El Salvador’s media, he said, amount to “ideological bombardment.”  It “washes away historical memory.”  The arrival of evangelical churches from the U.S. after the war was no accident, but intended to limit the influence of the progressive Catholic Church.  The “sectas evangelicas transfer a conformist attitude.” They teach people “not to involve themselves in change but to leave it to God. All that is required is accepting Jesus.”

Ventura’s foundation channeled money from NGOs and churches to poor communities, but he was quietly critical of this process.  Often Salvadoran groups sought international funds (as explicitly encouraged by the Peace Accords) and applied them according to standards that didn’t originate with the people. 

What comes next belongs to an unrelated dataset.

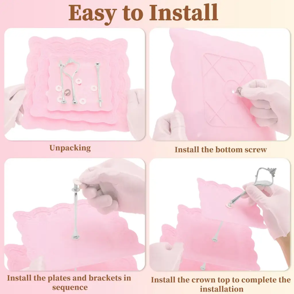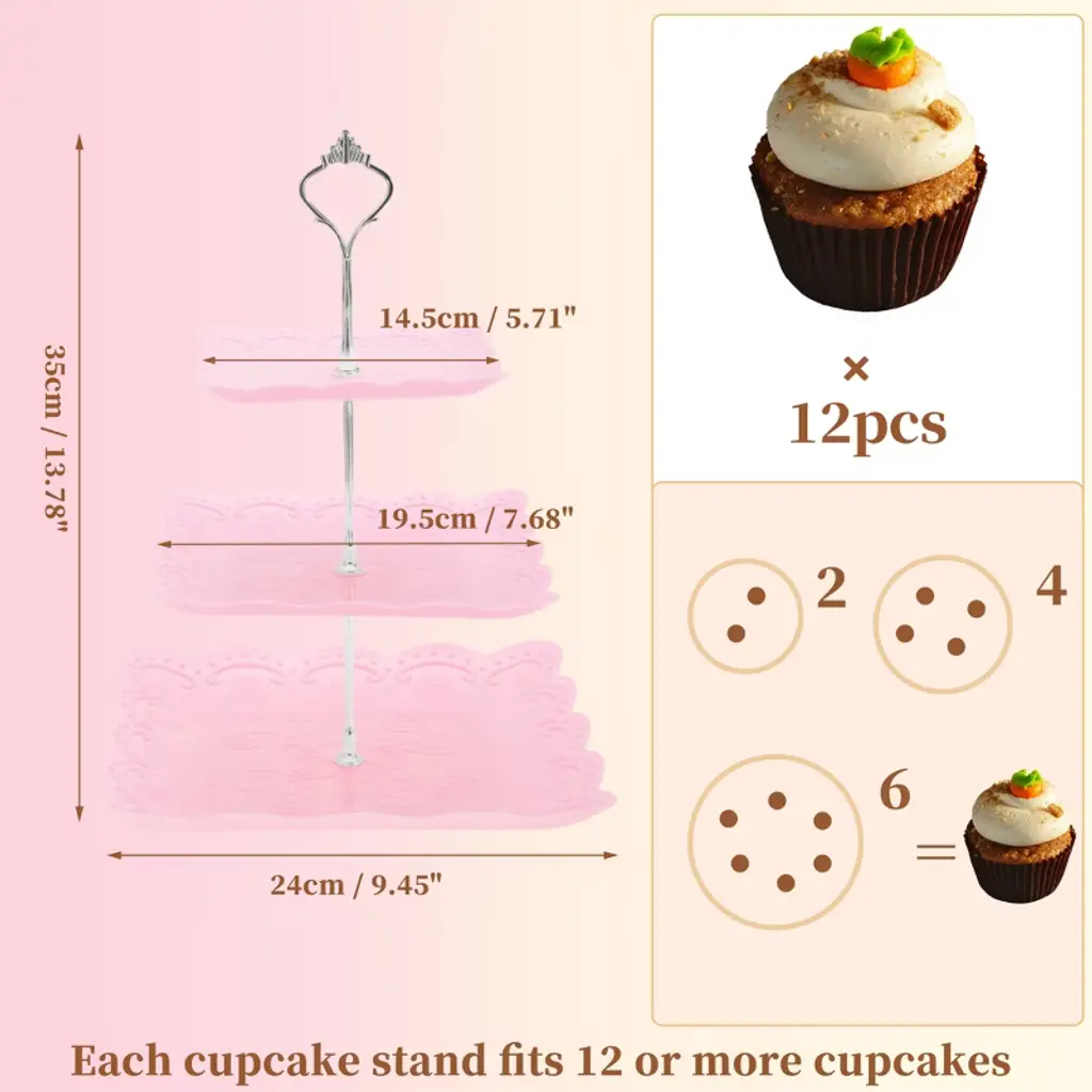 Features:This cupcake stand holder is made from quality PP material, ensuring sturdiness, and durability and having a long service time.This dessert cupcake stand makes it suitable for a wide range of occasions, including weddings, birthday parties, baby showers, and more. This cupcake stand holder is easy to assemble with no tools required, making it convenient to set up for your event. The adjustable tiers of this cupcake stand holder allow you to customize the display according to your needs. Featuring a space-saving design that allows you to save counter or table space while displaying a large number of cupcakes. Specifications:Color: Pink, Silver ToneMaterial: PPHeight: 35cm / 13.78"Plate Size: 14.5cm / 5.71", 19.5cm / 7.68", 24cm / 9.45"Package List: 1 Set Cupcake Stand Holder

What should we do? Margaret asked.

“The historical process requires reconstituting our idea of ourselves. You need to ask yourselves what is the historic project of the citizens of the United States.”

I climbed back into the van with Ventura’s voice echoing in my head: “The Left all over Latin America lacks a unifying vision. It personalizes ideas and conflicts.”  When we got back to the guesthouse I packed my shorts away and didn’t get them out again.
    









Youth meeting in the community center where Octavio Ortiz was killed.



photo by me

1 comment:

  1. 'They teach people “not to involve themselves in change but to leave it to God. All that is required is accepting Jesus.”'

    marx was right re.the key role that 'conservative' dogmatic religion plays in pacifying sheeple. imho (the 'h' stands for harsh, not humble)

    i too am an introvert who can relate to being much annoyed as well as humiliated by having to conform to the petty dictates of petty minds. it sucks being a misfit and not having a gift for making the most of it, like many great artists have. thanks for sharing, jo ann.